4.6.2.Once a player has announced “Challenge” the decision to challenge may not be altered. When the challenge slip has been taken from the table, no additional words may be challenged for that turn.
4.6.3.When an opponent has written the score for a player’s move, that opponent may not challenge that move. In cases of dispute it is the responsibility of the TD to determine whether the entire move score has been written. It is not necessary to write the cumulative score for this rule to take effect.
4.6.4.If a player begins to draw replacement tiles prior to pressing the timer, the opponent may alert the player to this, at which point the player must press the timer, and the opponent may challenge.
4.6.5.Once a player has made a play, the opponent may take any amount of time to consider or to declare “Challenge”. An opponent who is considering challenging should indicate by saying “hold” to stop the player from drawing tiles. This is on the opponent’s time and the player may not draw replacement tiles until the opponent has accepted the move. It is recommended that after one minute has elapsed [that] the player may draw tiles from the bag and place them face down separately from the rack. If a challenge takes place and is then upheld the replacement tiles must be clearly identified and returned to the bag.
4.6.6.Where more than one word is challenged the adjudicator must only rule the play acceptable or not acceptable, without any indication as to the acceptability or non-acceptability of individual words.
4.6.7.If either player is dissatisfied with adjudicator’s decision on the word(s) challenged it is permitted to ask for a recheck along with a clarifying note. (Additional words may not be added to the challenge slip at this point.) The adjudicator will then recheck the word(s) and inform the players of the decision which will then be final.
4.6.8.Other than for a recheck, a challenge can only be resubmitted if the original word(s) challenged do not correspond to the word(s) actually on the board.
4.6.9.When a challenge has been made, control of the board remains with the challenging player.
4.6.10.The following is a list of penalties that may apply in any tournament. It is at the discretion of the organiser to clearly state at the time of announcing the tournament to clearly state which of the penalty rules will apply. Once the penalty rule has been stated it may not be changed at a later date. Any subsequent change of the penalty rule will be brought to the attention of the full WESPA Committee for action.
a.5 point penalty for mischallenge, that is, per move
b.5 point penalty for each valid word mischallenged in a valid move
c.10 point penalty for mischallenge
d.Loss of turn for mischallenge
4.7.1.The bag must be held at eye level when tiles are being drawn from it.
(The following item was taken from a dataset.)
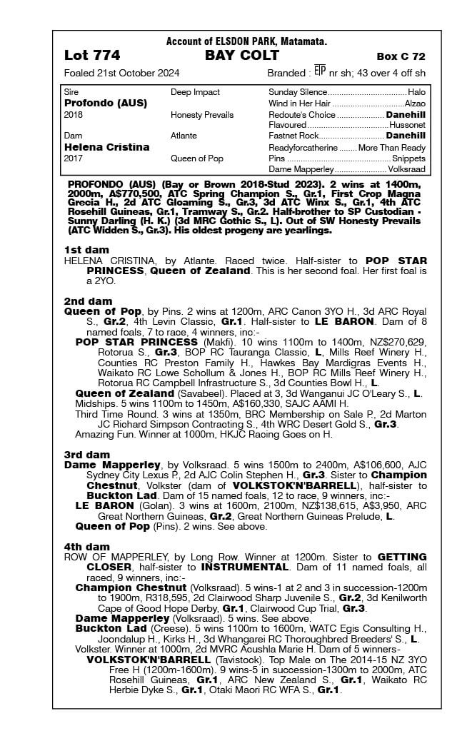 Lot 774 Profondo ‐ Helena Cristina Bay Colt

The TD should be consulted if this is not possible for any reason.
4.7.2.If a player notices that s/he has drawn more than the correct number of tiles then the player must announce it and the timer is neutralised. Then,
4.7.3.If it is the opponent who notices that a player has drawn more than the correct number of tiles then the timer must be neutralised. If no overdrawn tile has been added to the rack, the overdrawn tiles are placed face down on the table and the opponent selects the excess tiles and returns the excess tiles to the bag. If any overdrawn tile has been added to the rack, all tiles on the rack, together with all overdrawn tiles, are placed face down on the table. The opponent can select any tile from the rack and can then look at it to see what is being returned to the bag so that s/he is not disadvantaged or does opponent look at the whole rack.
4.7.4.Near the end of the game, if a player draws too few tiles, while the opponent subsequently draws the remaining tiles to empty the bag, and the mistake is caught before the player has made their next move, then the opponent must choose the appropriate number of tiles from their own rack and give these to the player. However, if the underdrawing is only discovered after the player has made their next move and started the timer then there is no penalty and the game continues.
5.Interrupting the Game
5.1.The time can not be neutralised for any reason during a game unless for the following circumstances:
5.2.A player who needs to leave the playing area temporarily during a game must do so with the TD’s permission if at all possible. The player should first make a play, start the opponent’s clock, and record the score for the move. The player must not draw replacement tiles. While the player is absent from the game the opponent may make a play, record the score for the move and the cumulative score an start the player’s timer. The opponent must not draw replacement tiles.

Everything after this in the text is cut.